Chemicals and reagents

The serum total cholesterol (TC) and triglyceride (TG) kit were purchased from Changchun Huili Co., Ltd. (Changchun, China). ELISA kits for serum insulin (INS), tumor necrosis factor (TNF-α), interleukin-6 (IL-6), and interleukin-1β; ELISA kits for tissue TNF-α, IL-6, IL-1β; and kits for superoxide dismutase (SOD), malondialdehyde (MDA), serum alanine aminotransferases (ALT), and aspartate aminotransferases (AST) were purchased from Nanjing Jiancheng Bioengineering Institute (Nanjing, China). The tissue TC and TG assay kits were purchased from Beijing ApplyGen Technologies Inc. (Beijing, China).

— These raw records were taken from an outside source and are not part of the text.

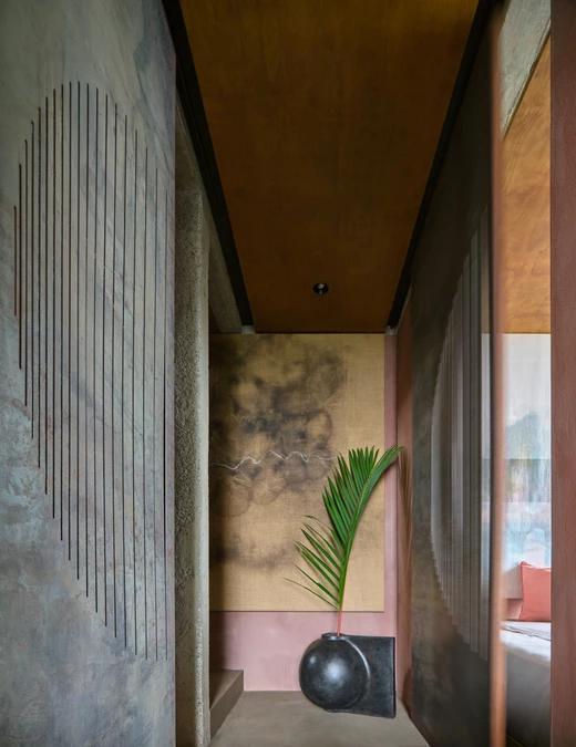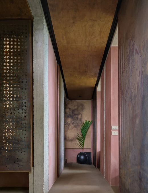 Od strony drogi budynek prezentuje się jako minimalistyczna bryła z ubitej ziemi poprzecinana dużymi przeszkleniami. Podniesiona platforma prowadzi do wejścia, a z drugiej strony – do tarasu z wbudowanym grillem. Dalej schody ze stali Corten schodzą do basenu.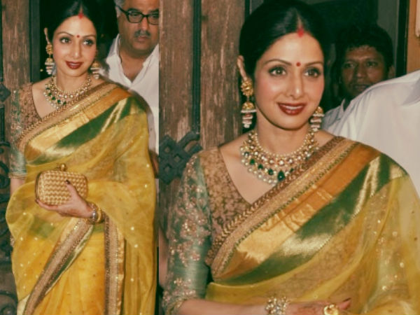 அத்தகைய கர்வா சவுத் கொண்டாட்டத்திற்கு நடிகை ஸ்ரீதேவியும் பங்கு கொண்டார். அப்படி பங்கு கொள்ளும் போது அவர் டிசைனர் சப்யசாச்சி டிசைன் செய்த மஞ்சள் மற்றும் பச்சை நிறங்கள் கலந்த லேஸ் புடவையை அணிந்து வந்திருந்தார்.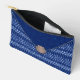 Avec une ambiance de bord de mer et d'été au Cap, le collage original de ZoeSPEAK sur ce petit Accessory Pouch est définitivement décontracté chic. Fait dans le style d'un sac d'embrayage, en bleu marine et blanc, le rabat du porte-monnaie est texturé bleu foncé avec un bord blanc. Le reste du sac est bleu avec des formes blanches à bleu clair comme des gouttelettes d'eau dans un motif en zigzag. Une coque de mer complète le tableau, agissant comme une fermeture sur le point du rabat. La coquille est une coquille de pétoncle dans les tons beige chaud et marron clair.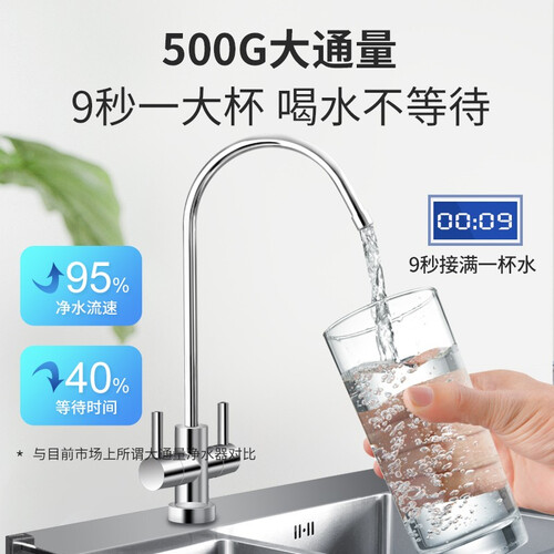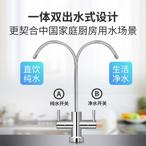 智能屏显滤芯功能,可以实时显示滤芯使用寿命,更加智能实用。一体双出水的设计,更加高效,让接水更方便。
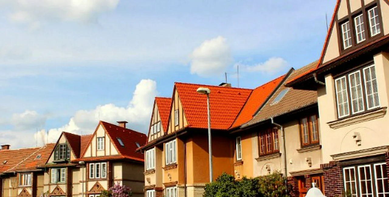 These row houses in the Ořechovka luxury villa district, built between 1920-1922, imitate the English cottages that can be found in garden townslike Bedford Park, Hampstead, or Letchford with their typical triangular gables, narrow rectangular windows, high chimney, and half-timbered masonry bond.
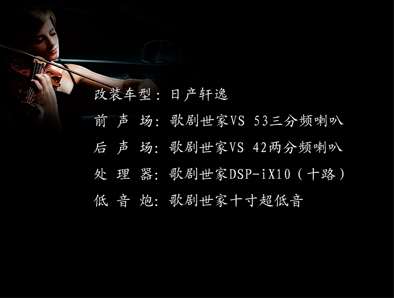在器材的搭配和选择上,日产轩逸车主选择一台歌剧世家DSP-IX10十路处理器功放加持,强大的功能和处理能力让声音更加优质精美,前声场是一套歌剧世家VS 53十五周年纪念版三分频套装喇叭,中、高音倒模A柱,中低音车门原位安装,常规的安装手法,校准位置后为驾驶位获取合适的听音体验;后声场一套歌剧世家VS 42两分频喇叭,为后排乘客也能提供一个好的听音环境;还有一个歌剧世家低音喇叭补充低频的不足,提升低音下潜力度。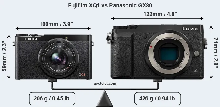 The side-by-side display below illustrates the physical size and weight of the Fujifilm XQ1 and the Panasonic GX80. The two cameras are presented according to their relative size. Three consecutive perspectives from the front, the top, and the back are available. All width, height and depth measures are rounded to the nearest millimeter.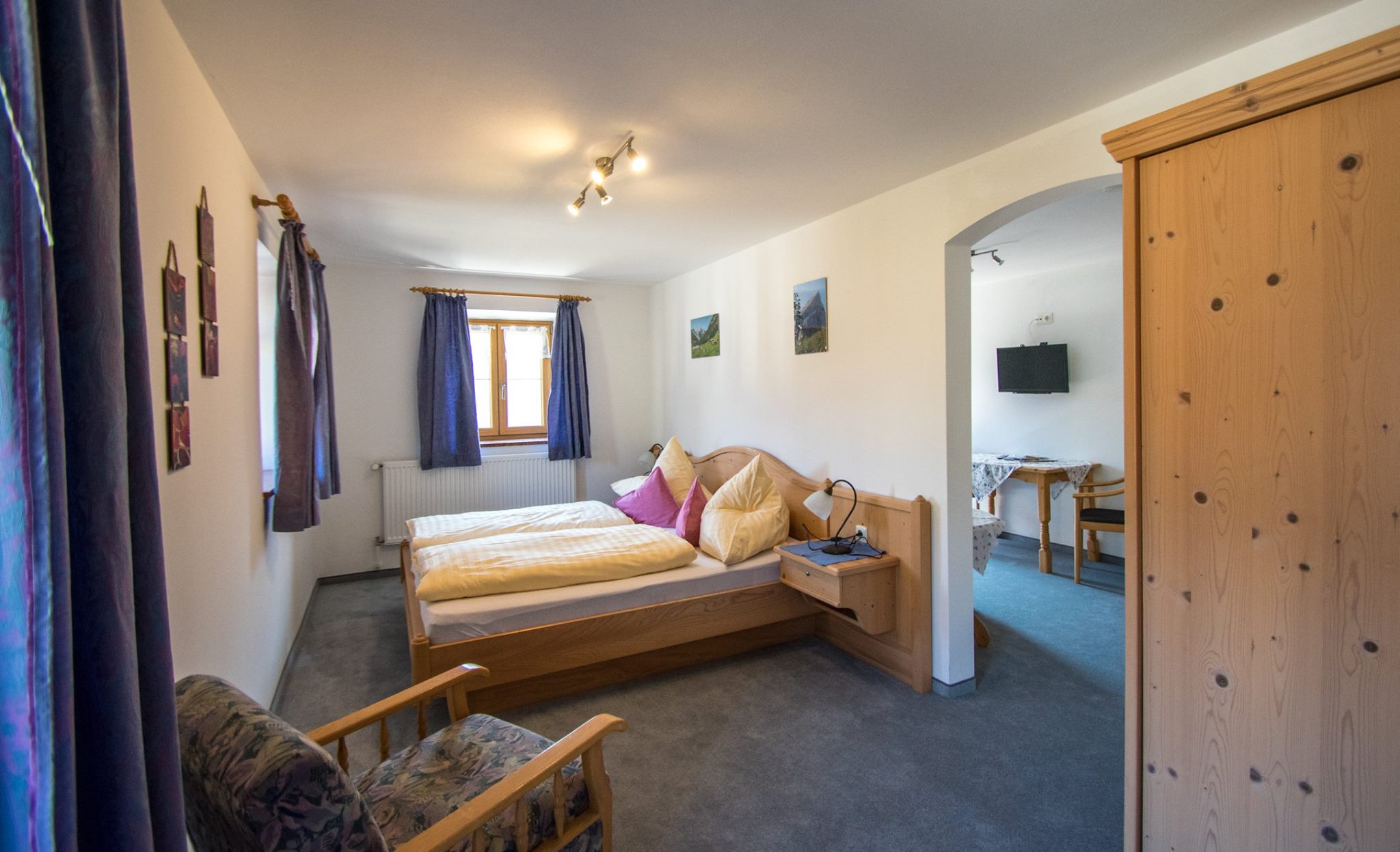 Bergbauernhof in sonniger, ruhigerLage mit herrlichem Gebirgsblick. Gästezimmer mit Du/WC, TV und teilweise Balkon. Im gemütlichen Aufenthaltsraum mit Kachelofen wartet ein Frühstücksbüffet mit Produkten aus der Region auf Sie. Die große Liegewiese vor dem Haus lädt zum verweilen ein. Gute Autozufahrt und Parkplatz am Haus. Gästekühlschrank in der ersten Etage vorhanden. Kinderermäßigung bis zu 15 jahren.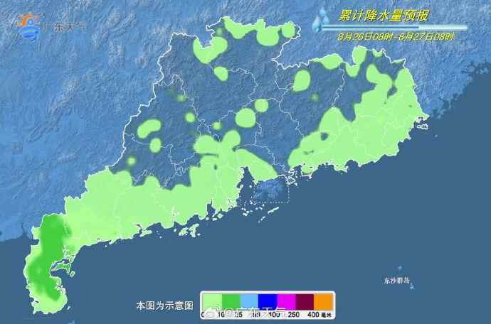 26日,粤西市县多云有(雷)阵雨局部大雨,珠江三角洲南部、粤东、河源和梅州等市县多云,有分散(雷)阵雨,其余市县多云,局部有(雷)阵雨。最高气温:粤西市县29~32℃,其余市县33~36℃。

The total protein extraction kit was purchased from Nanjing KeyGen Biological Technology Co., Ltd. (Nanjing, China). The BCA protein quantitation kit was purchased from Biyuntian Co., Ltd. (Wuhan, China). The primary anti-p-AMPK (sc-98,485), anti-T-AMPK (sc-74,461), anti-IRS-1 (sc-559), anti-phosphoenolpyruvate carboxykinase (PEPCK) (sc-32,879), anti-glucokinase (GCK) (sc-7908), and anti-β-actin (sc-19,879) antibodies were purchased from Santa Cruz Biotechnology, Inc. (Dallas, TX, USA). The ECL chemiluminescence kit was purchased from Pierce Manufacturing, Inc. (Bradenton, FL, USA). The NC membranes were purchased from Nanjing Madite Co. (Nanjing, China). The 30% acrylamide, TEMED, XT sample buffer (#161–0791) and XT reducing agent (#161–0792) were purchased from Bio-Rad (Hercules, CA, USA).

Extraction of the TSCE

Fresh cherry tomatoes (Lycopersicon esculentum Mill.) were acquired from the Guangxi Zhuang Valley Agricultural Science and Technology Co., Ltd. (Baise, China) in 2016, and identified by Prof. Yan Liu (Guangxi Institute of Botany). The voucher specimen (LE20160306) was deposited in the Herbarium of Guangxi Institute of Botany, China. The extraction of the TSCE from tomatoes was performed as described previously [12]. In brief, cherry tomatoes (10 kg) were washed and smashed into pulp. The obtained tomato juice was incubated at 50 °C for 2 h with a 0.5% commercial pectinase for enzymatic hydrolysis (Pectinex Ultra SP-L). The mixture was filtered through a 80–100 mesh filter cloth, and then, centrifuged at 3000 rpm/min for 10 min. The supernatant was loaded onto a D-101 macroporous resin column. The column was first washed with water, and, then eluted with 80% ethanol. The 80% ethanol effluent was collected, and TSCE (65 g) was obtained after drying under reduced pressure.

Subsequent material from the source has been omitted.